En el minuto 92, con el equipo volcado, Kiko, con el desparpajo de un crío de 17 años, se inventó un control de tacón de espaldas a la portería y un derechazo pegado al palo. Llevaba 30 minutos en el campo. Antes de salir Alex Ferguson le dijo: "Sólo dedícate a jugar". Qué tópicazo. Tras marcar, Macheda salió a celebrarlo al córner. Sus compañeros se tiraron encima de él. Parecía que hubieran ganado la Champions.


Ha nacido una estrella.

Al día siguiente, Macheda en todos los medios británicos. Aunque su debut lo hizo con el Manchester, se crió en la cantera del Lazio -nació en Roma-, de donde salió hace un par de años. Ayer, Claudio Lotito, presidente del club italiano, rajó contra la "feria de ganado" del actual sistema de traspasos. La FIFA ha tratado de que tranfers como éste no se produzcan hasta los 18. Tal y como está este fútbol liberal eso se antoja imposible. Que se hubiera andado más espabilado Lotito, que la pela es la pela.

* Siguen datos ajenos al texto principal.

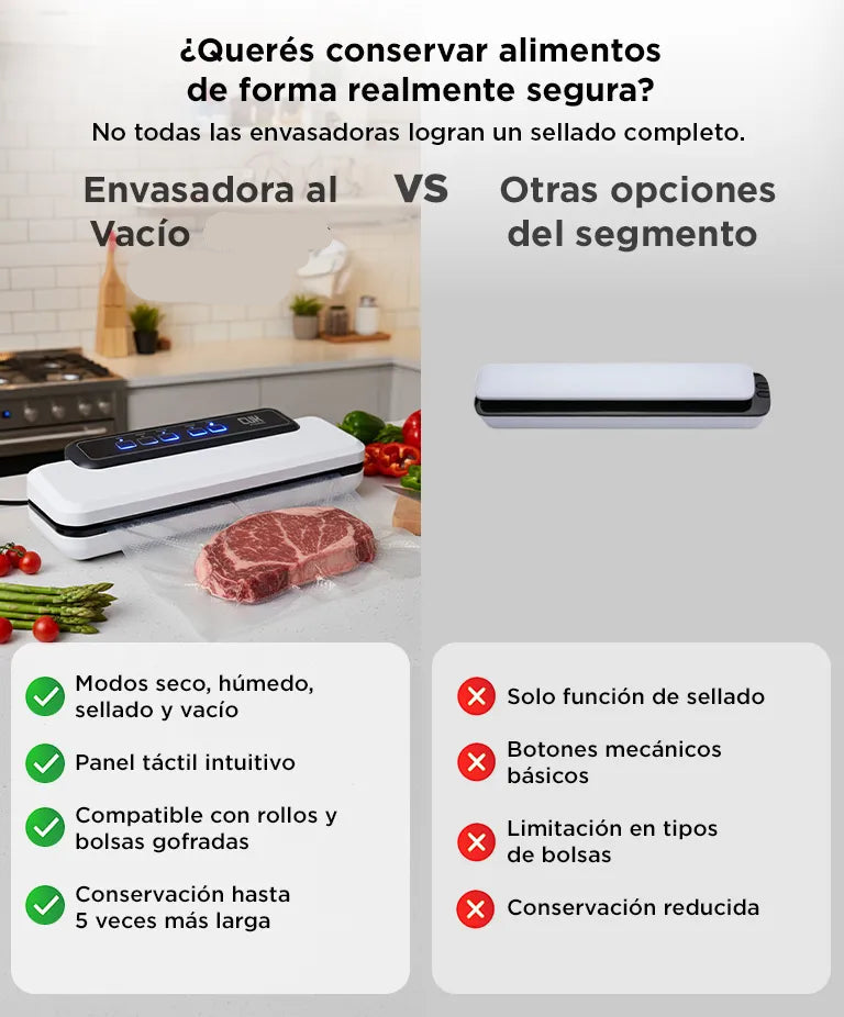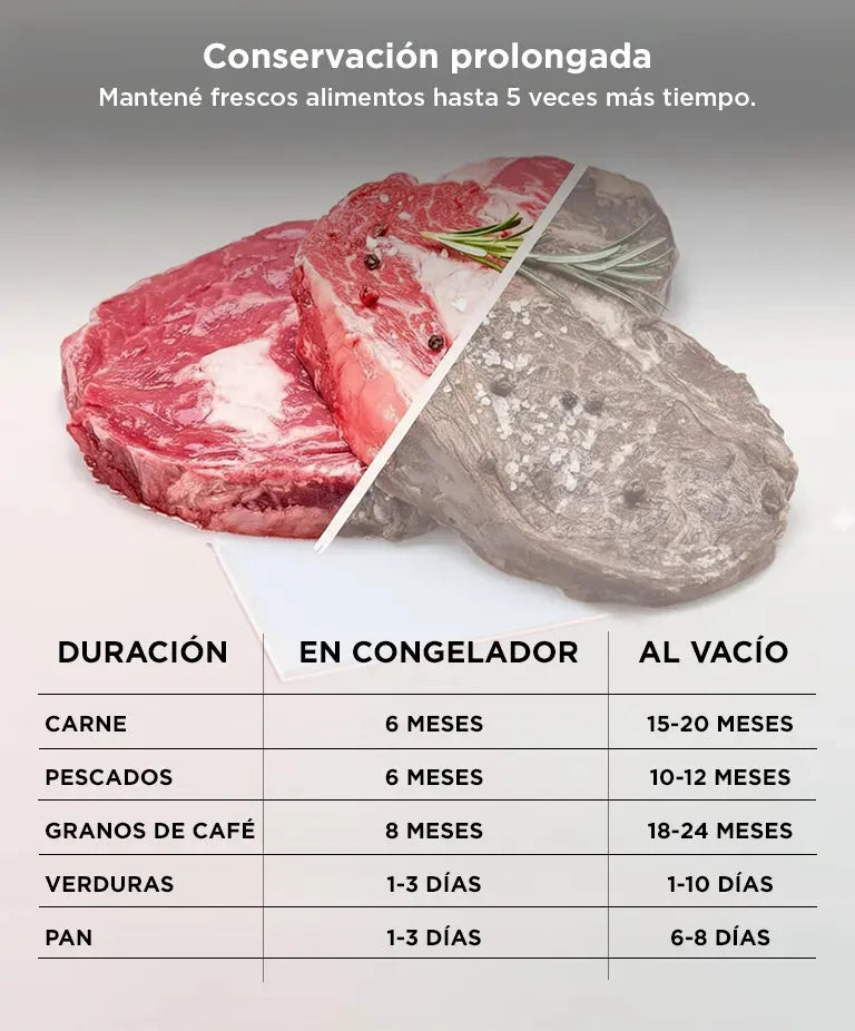 Al eliminar el aire, los alimentos pueden durar hasta 5 veces más en comparación con métodos tradicionales.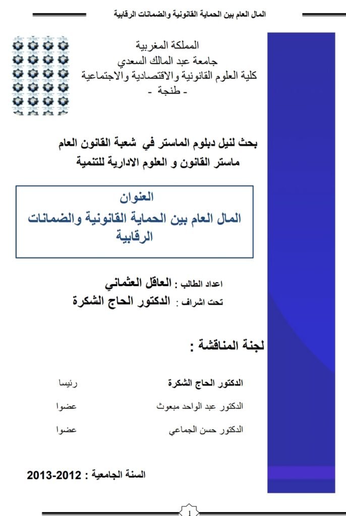 المال العام بالمغرب بين الحماية القانونية والضمانات الرقابية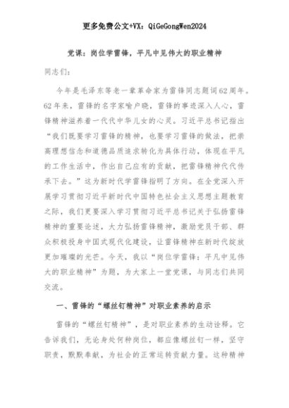 【七哥公文】2025年:党课:岗位学雷锋,平凡中见伟大的职业精神+更多免费公文+VX:QiGeGongWen2024+更多免费公文+VX:QiGeGongWen2024

Pero volvamos a Macheda. Hay algo en él que irremediablemente me recuerda a Javier García Portillo. Los pendientes, el pelo engominado, las fotos en una discoteca, y ese gol impresionante en su debut. Portillo se lo marcó al Panathinaikos en Grecia allá por 2002. Sólo los recelos del vestuario florentiniano -los egos por las nubes- hicieron que no debutara antes, en Oporto, como tenía pensado Del Bosque. Coló una papa desde 21 metros que hacía valer lo que se había comentado de él. 700 goles en la cantera. Un olfato único. Incluso 'El País' le dedicó una página antes de subir al primer equipo -El carpanta del gol, se titulaba-, algo raro en el diario de Prisa.





Tras aquel tanto, todo interesaba sobre Portillo. Le subieron a los altares. La fama se le atragantó -algunos decían que salía derrapando de Valdebebas con su Lamborguini- y al final, pese a ser un notable delantero, no sirvió como delantero del Madrid. Penó con el Gimnastic el año del descenso y ahora cumple contrato con Osasuna, donde la temporada pasada metió 14 goles. No está nada mal, aun así.

Queda tiempo todavía para saber si a Macheda le pasara como a Portigol, si se desinflara en un grande. Desde luego en la Premier tiene espejos en los que reflejarse para que le marquen otro camino. Robbi Keane, Michael Owen o Alan Shearer también deslumbraron en su debut y se convirtieron en grandes jugadores.

Veremos que pasa, pero en Moss Lane, donde juega el segundo equipo del Manchester, cuentan ya que Kiko es un chico problemático. El propio Ferguson advirtió tras el partido que ahora lo importante es que "tenga los pies en el suelo". Complicado. Es el Manchester. Es una estrella y antes incluso de rozar con las botas el césped de la Premier, parece que ya se sentía así. Como Portillo, al que comieron el coco con lo bueno que era. Si a él le decían que era como Raúl, a Kiko le comparan con Berbatov. Sigo pensando que al red puede que le pase lo que al de Aranjuez. Creo que es por la gomina.